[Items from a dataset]
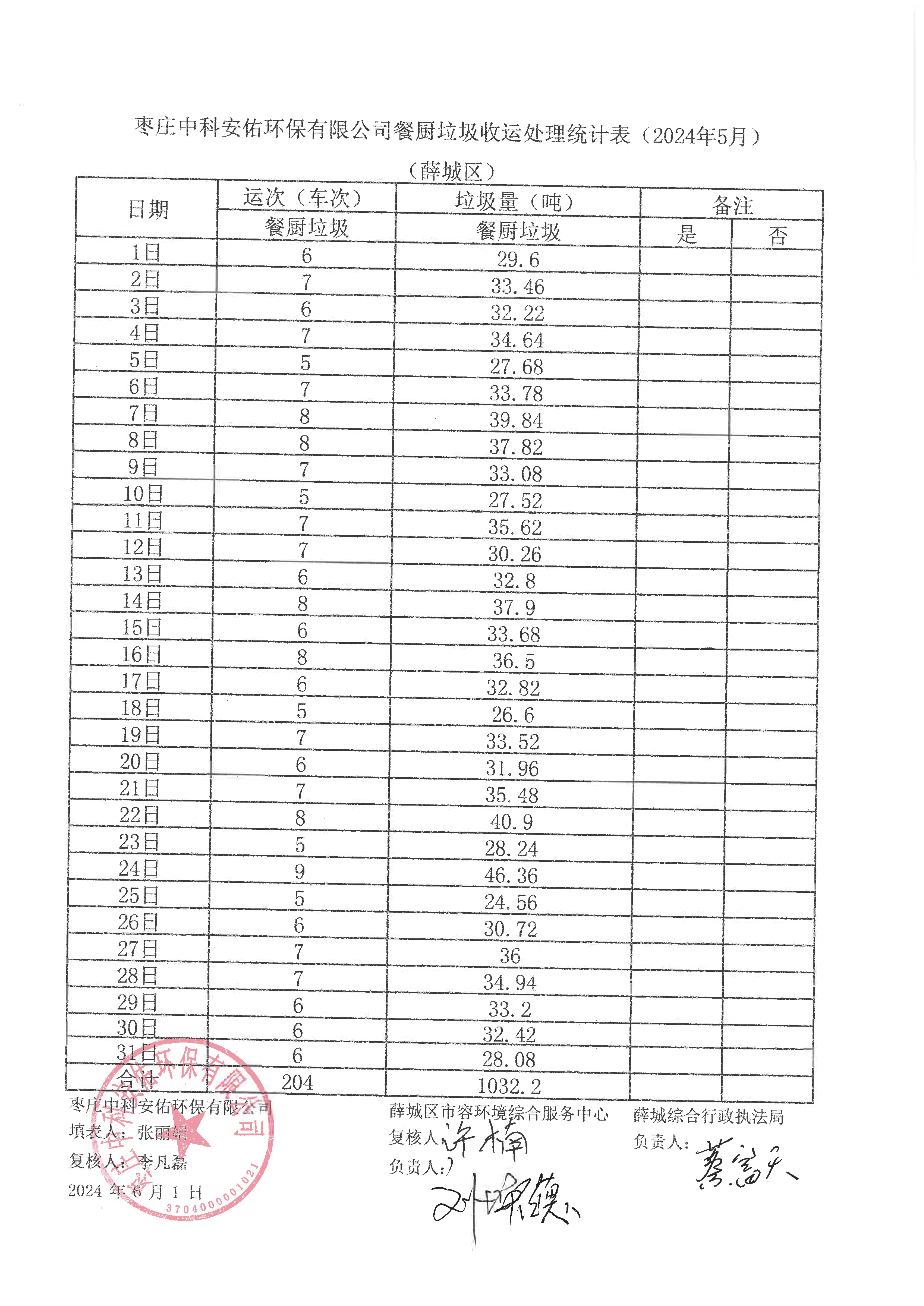 • 标  题:枣庄中科安佑环保有限公司餐厨垃圾收运处理统计表
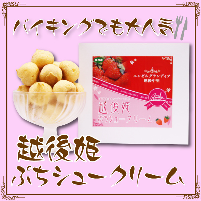 新潟のブランドイチゴ「越後姫」の入った特製ぷちシュークリームです。
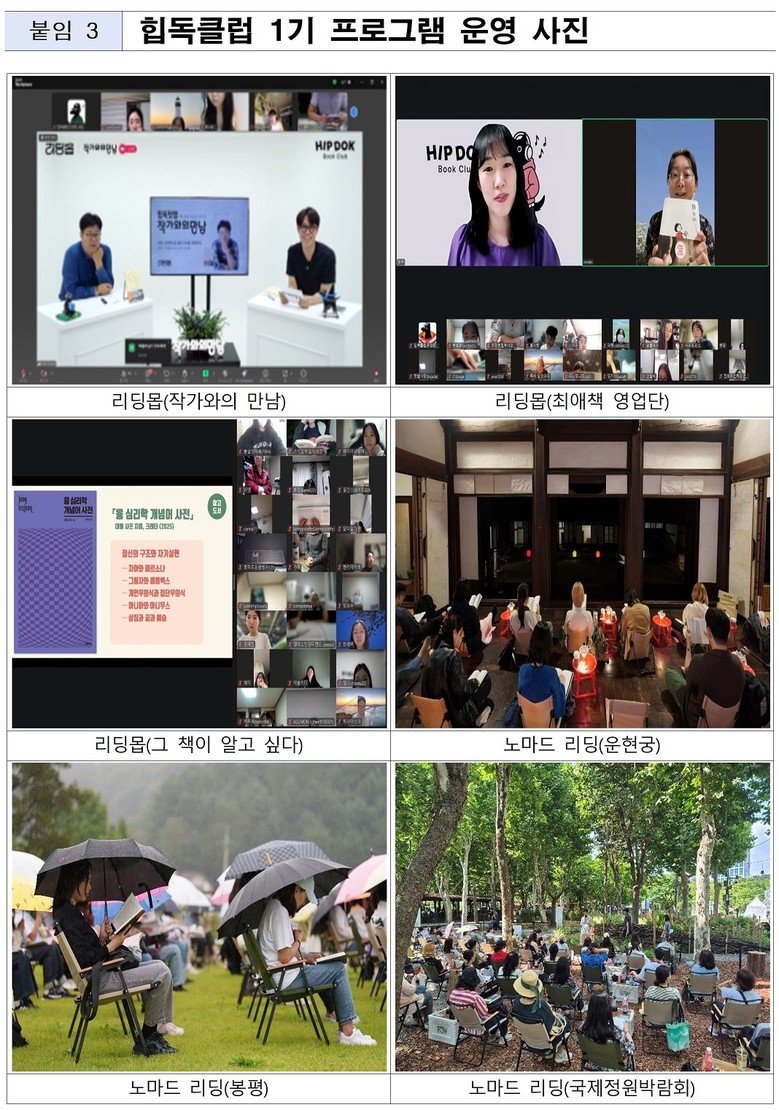 ‘힙독클럽’은 시민들이 온·오프라인에서 함께 책을 읽고 소통하는 서울야외도서관 기반 공공 독서 커뮤니티다.
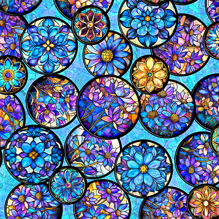 Stained glass medallions depicting charming floral vignettes are scattered against a mottled background in this dazzling design. Digitally printed, larger circles are about 2-3/4", 'Floral Circle Vignettes' from the 'Mosaic Blooms' collection by Dan Morris for Quilting Treasures.
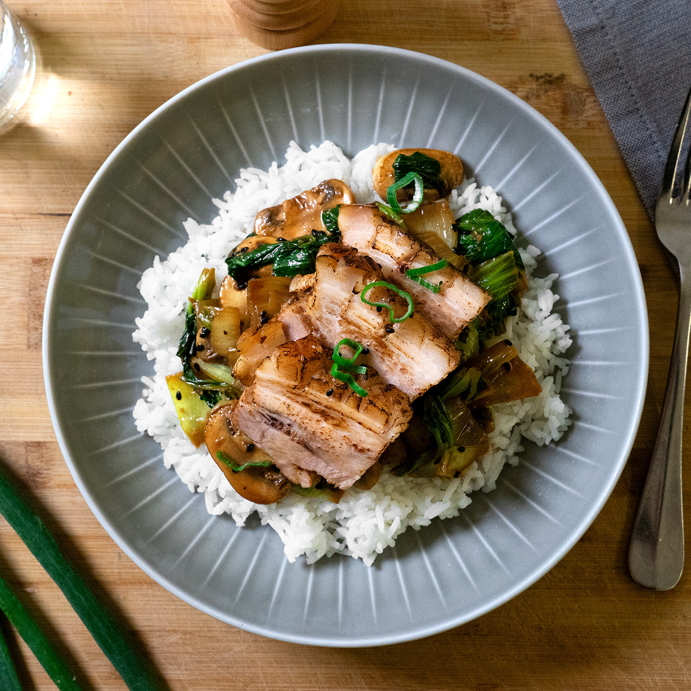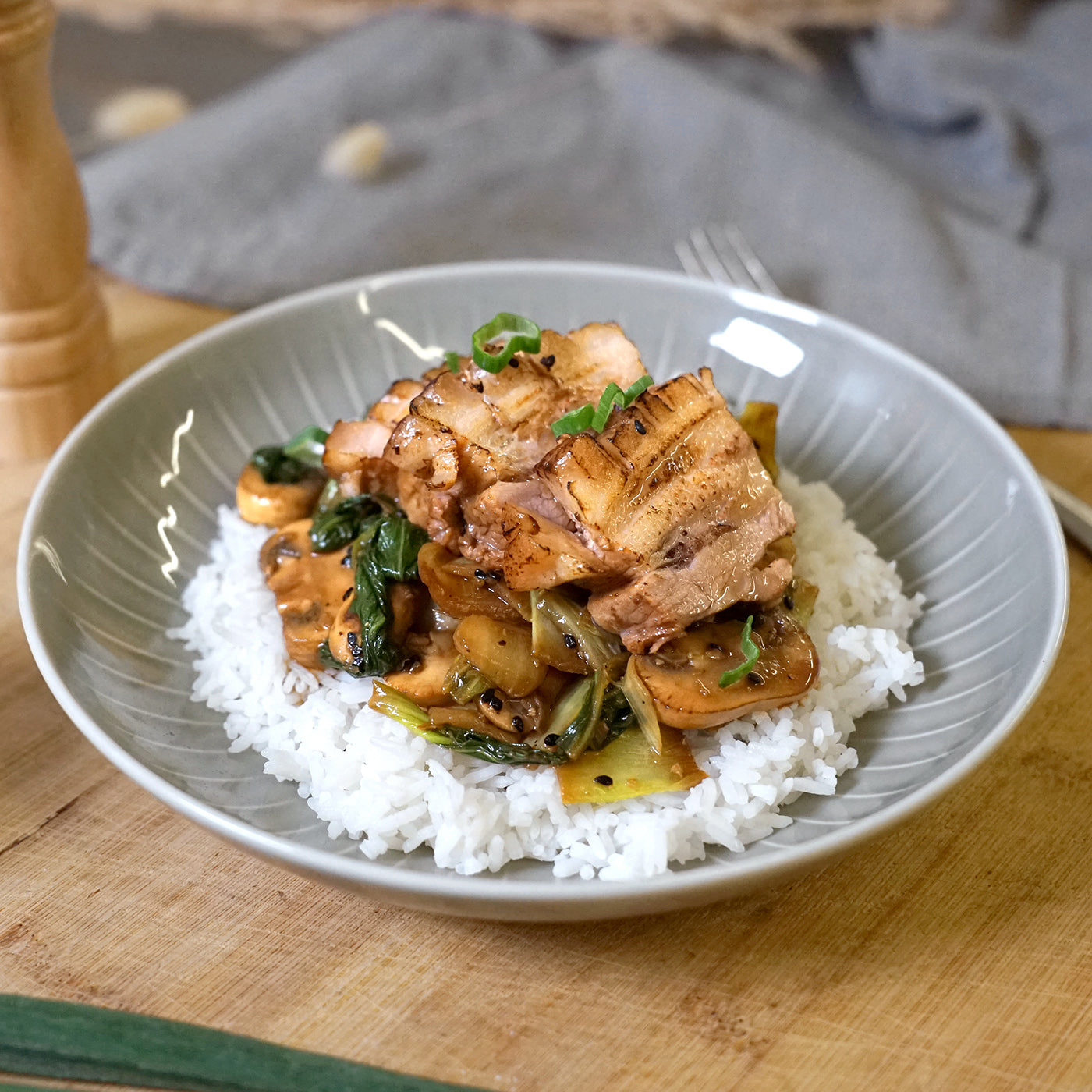 Schweinsbrust, Ingwer, Pak Choi, Reis
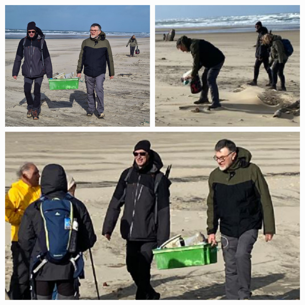 Le matin, depuis la longe du Mimbeau direction l’océan où nous trouvons une plage immaculée, et une forte érosion dunaire avec un coefficient de marée de 100.
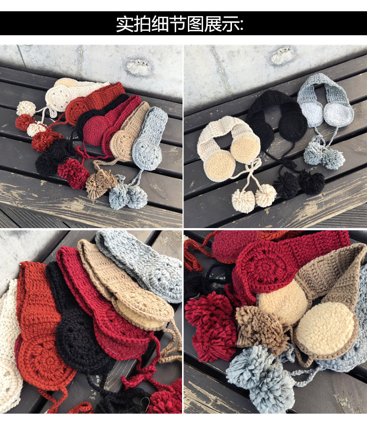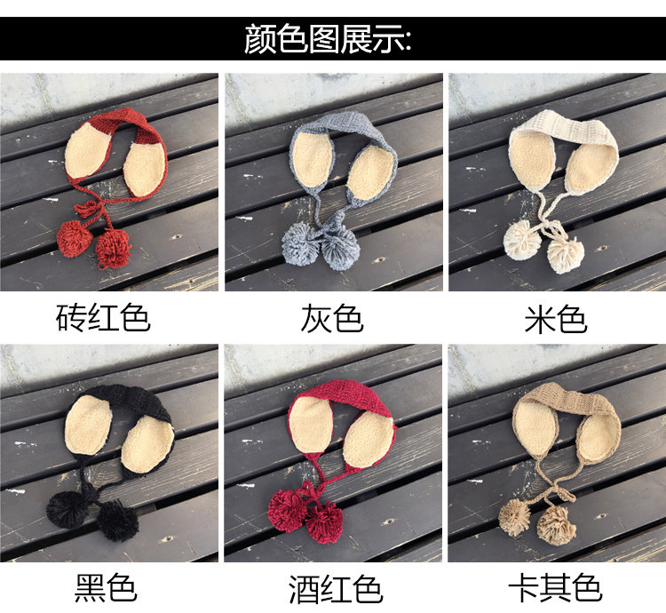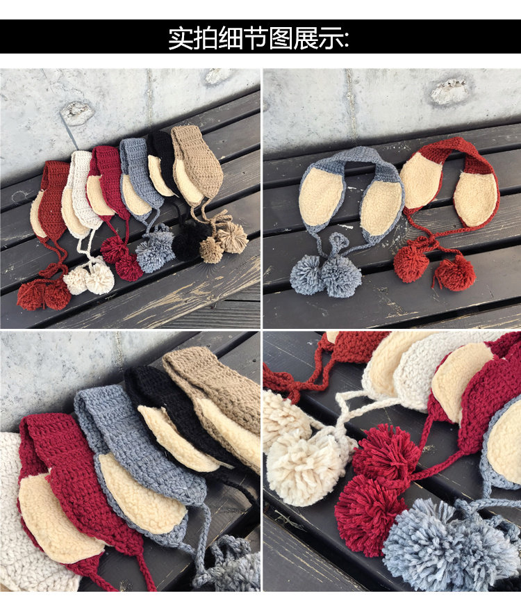 韩国ins可爱针织耳包耳朵系带毛线耳罩秋季护耳保暖复古耳套女

**EXERCISE DIRECTIONS**
Could you output every record above exactly as written, leaving out the pictures?

**ANSWER BOX**
 • 标  题:枣庄中科安佑环保有限公司餐厨垃圾收运处理统计表
 新潟のブランドイチゴ「越後姫」の入った特製ぷちシュークリームです。
 ‘힙독클럽’은 시민들이 온·오프라인에서 함께 책을 읽고 소통하는 서울야외도서관 기반 공공 독서 커뮤니티다.
 Stained glass medallions depicting charming floral vignettes are scattered against a mottled background in this dazzling design. Digitally printed, larger circles are about 2-3/4", 'Floral Circle Vignettes' from the 'Mosaic Blooms' collection by Dan Morris for Quilting Treasures.
 Schweinsbrust, Ingwer, Pak Choi, Reis
 Le matin, depuis la longe du Mimbeau direction l’océan où nous trouvons une plage immaculée, et une forte érosion dunaire avec un coefficient de marée de 100.
 韩国ins可爱针织耳包耳朵系带毛线耳罩秋季护耳保暖复古耳套女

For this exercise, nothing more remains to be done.